• **Problem details**
Starting at the line with "Tủ quần áo gỗ" and ending at the line with "Hot teen babe", print exactly the lines of the entries below. Pictures do not belong in the copy.

• **Extracted entries**
▬▬▬▬▬▬

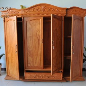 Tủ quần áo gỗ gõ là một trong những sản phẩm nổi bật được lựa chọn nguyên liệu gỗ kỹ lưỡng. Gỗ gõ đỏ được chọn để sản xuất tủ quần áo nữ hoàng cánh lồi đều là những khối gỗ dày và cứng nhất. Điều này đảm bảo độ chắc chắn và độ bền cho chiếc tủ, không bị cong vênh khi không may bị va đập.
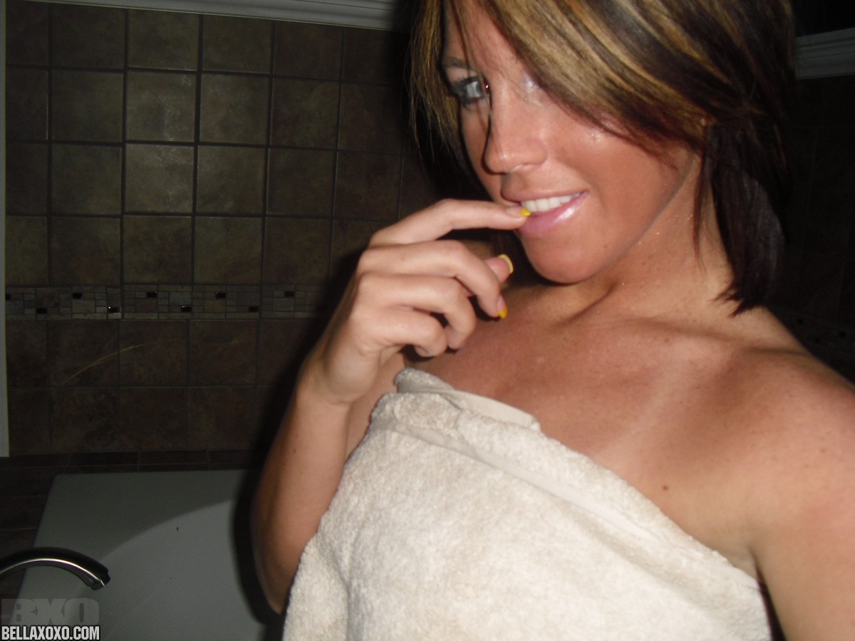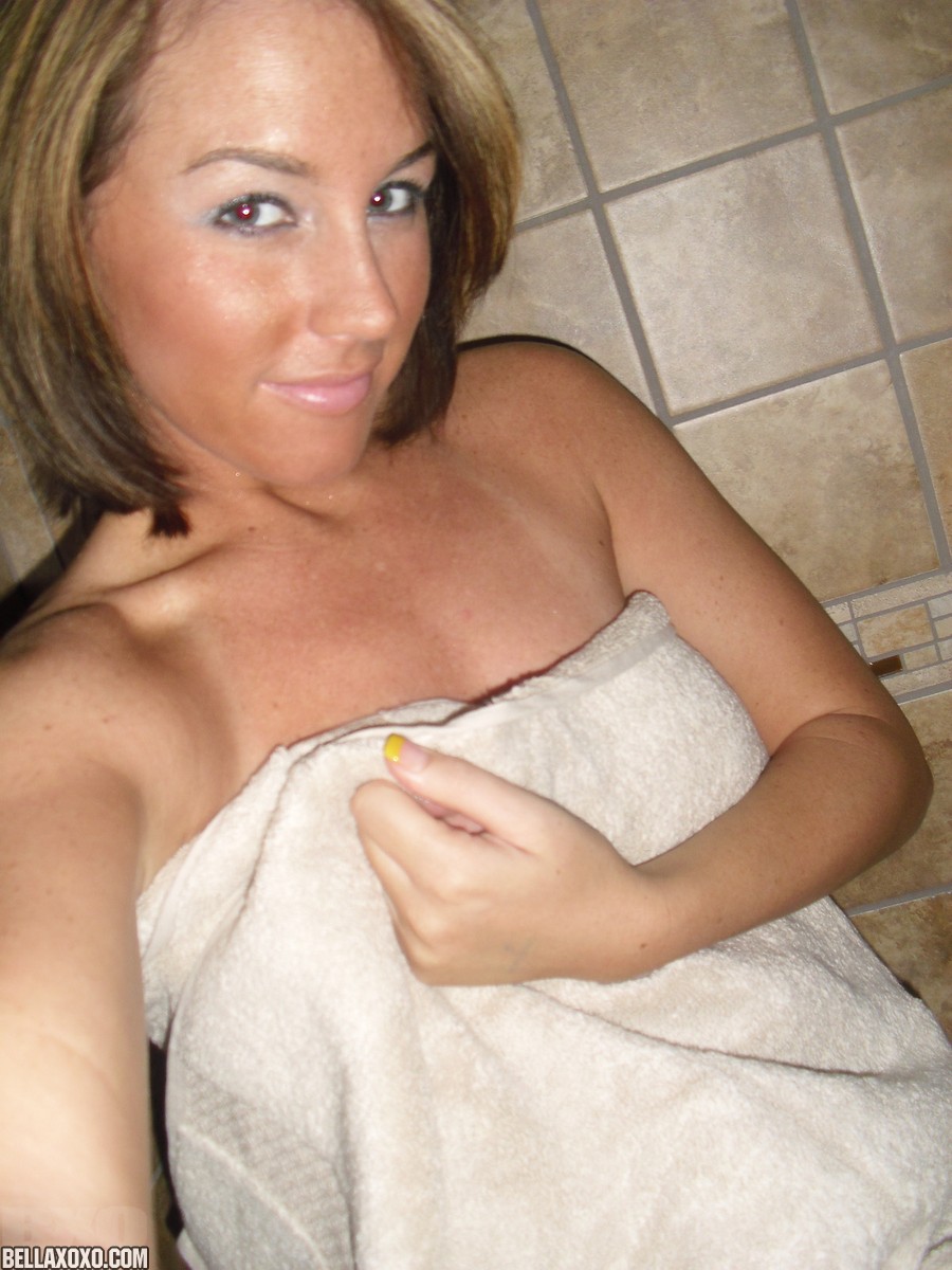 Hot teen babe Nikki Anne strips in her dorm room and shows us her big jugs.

▬▬▬▬▬▬

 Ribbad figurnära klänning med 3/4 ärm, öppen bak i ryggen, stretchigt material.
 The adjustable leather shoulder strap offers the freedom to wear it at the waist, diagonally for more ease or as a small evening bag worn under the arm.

▬▬▬▬▬▬

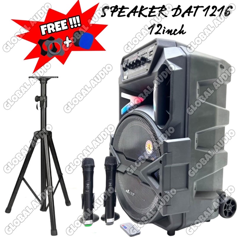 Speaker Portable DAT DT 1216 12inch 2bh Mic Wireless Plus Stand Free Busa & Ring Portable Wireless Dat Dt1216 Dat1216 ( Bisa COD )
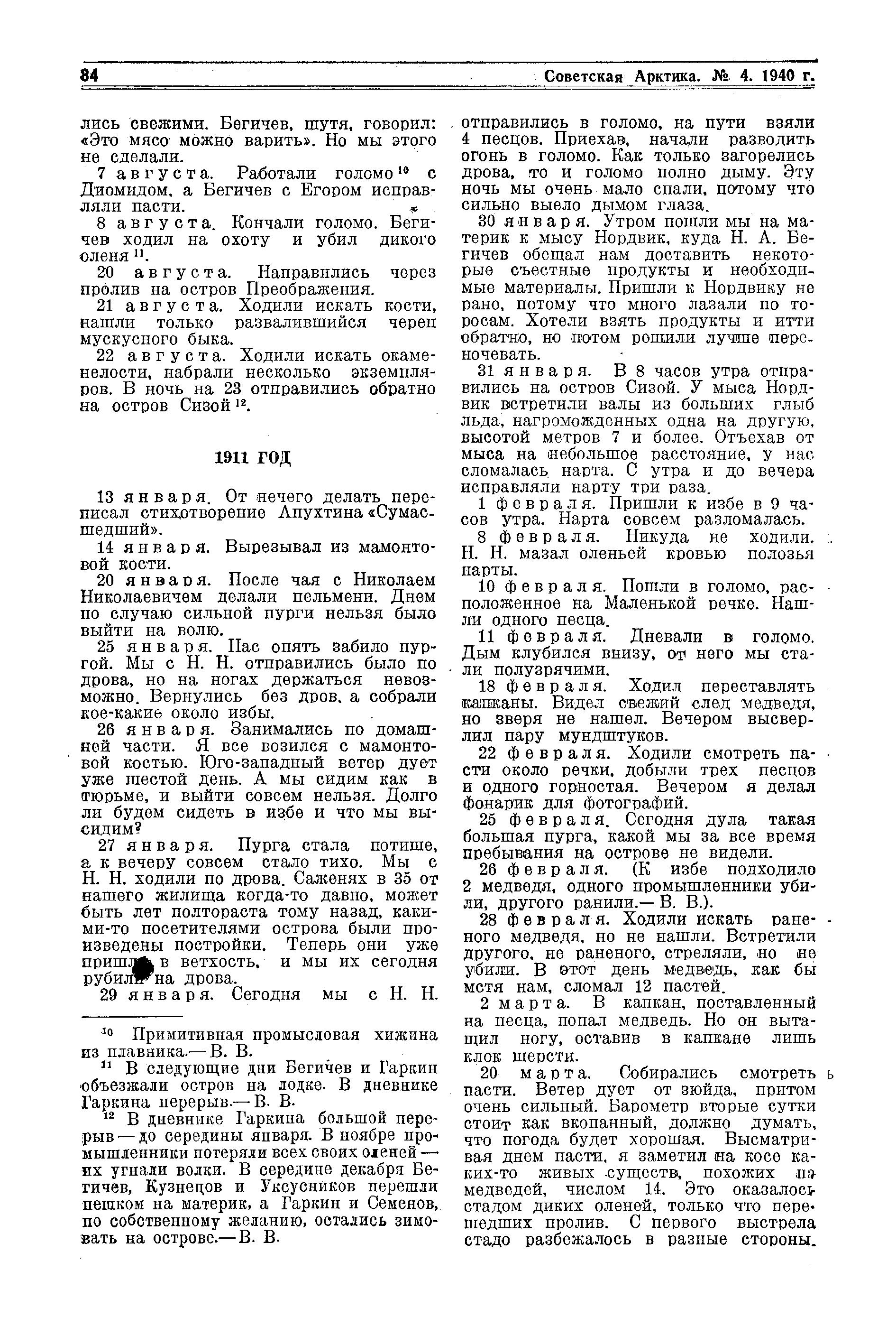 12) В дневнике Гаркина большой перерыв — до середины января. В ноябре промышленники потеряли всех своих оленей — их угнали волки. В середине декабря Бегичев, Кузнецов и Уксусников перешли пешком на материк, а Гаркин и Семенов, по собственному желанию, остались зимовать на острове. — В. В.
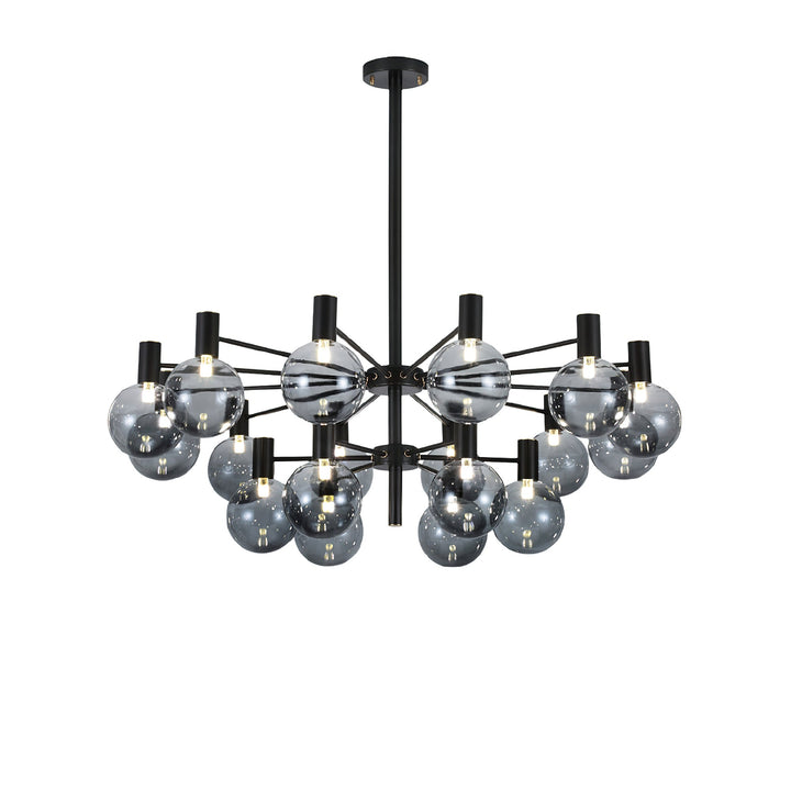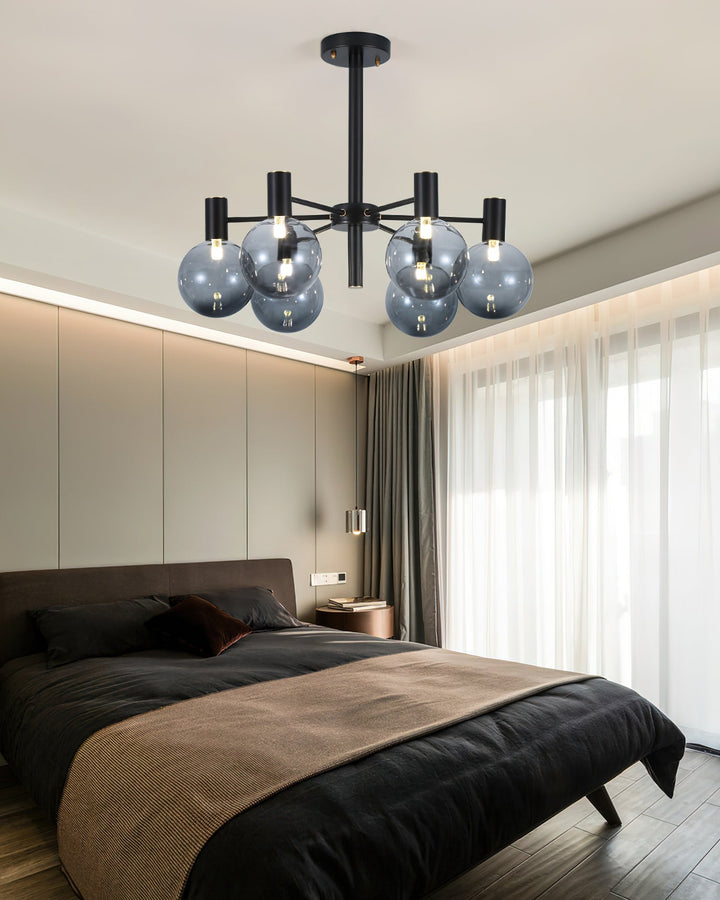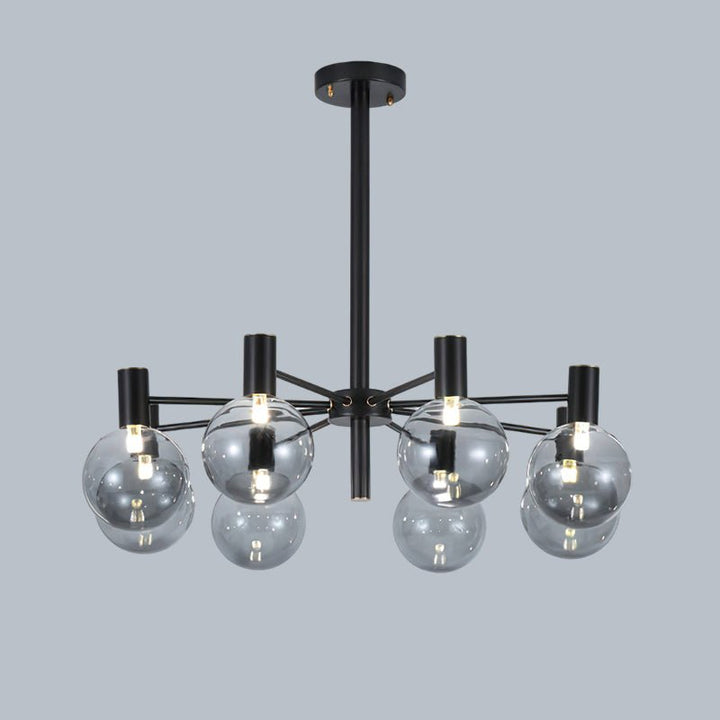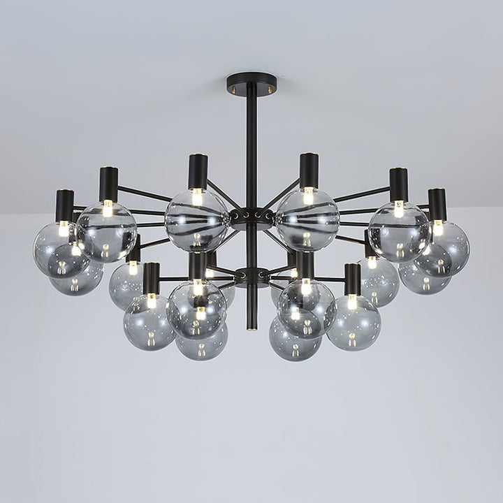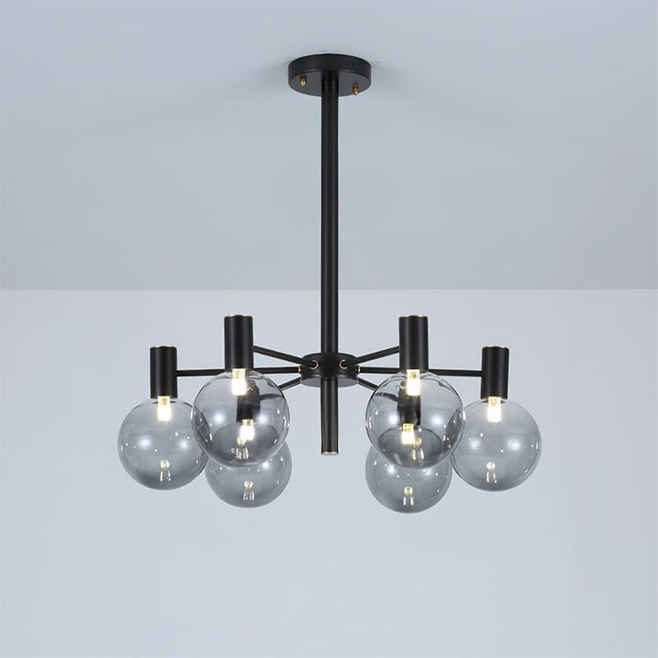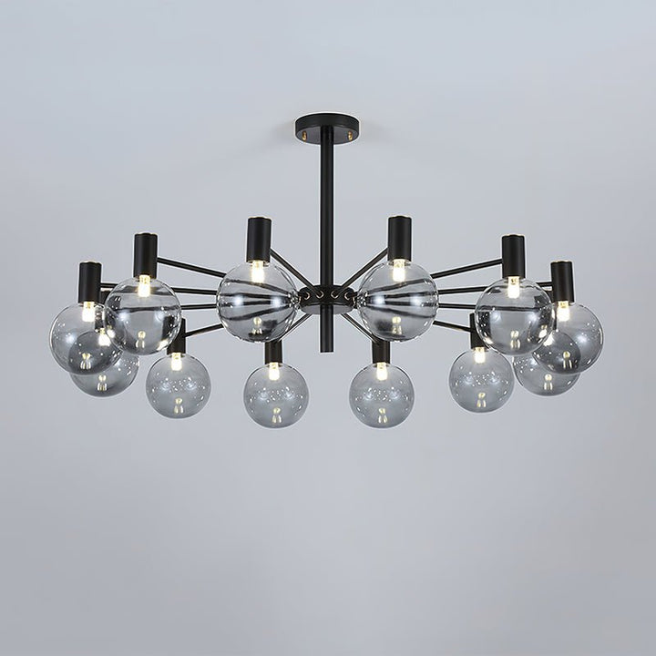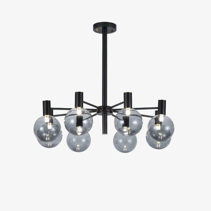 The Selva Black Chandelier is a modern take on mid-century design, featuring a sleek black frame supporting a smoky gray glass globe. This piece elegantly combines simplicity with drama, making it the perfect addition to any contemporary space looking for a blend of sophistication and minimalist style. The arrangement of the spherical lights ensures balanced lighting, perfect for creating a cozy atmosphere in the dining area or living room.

▬▬▬▬▬▬

• **Written answer**
 Tủ quần áo gỗ gõ là một trong những sản phẩm nổi bật được lựa chọn nguyên liệu gỗ kỹ lưỡng. Gỗ gõ đỏ được chọn để sản xuất tủ quần áo nữ hoàng cánh lồi đều là những khối gỗ dày và cứng nhất. Điều này đảm bảo độ chắc chắn và độ bền cho chiếc tủ, không bị cong vênh khi không may bị va đập.
 Hot teen babe Nikki Anne strips in her dorm room and shows us her big jugs.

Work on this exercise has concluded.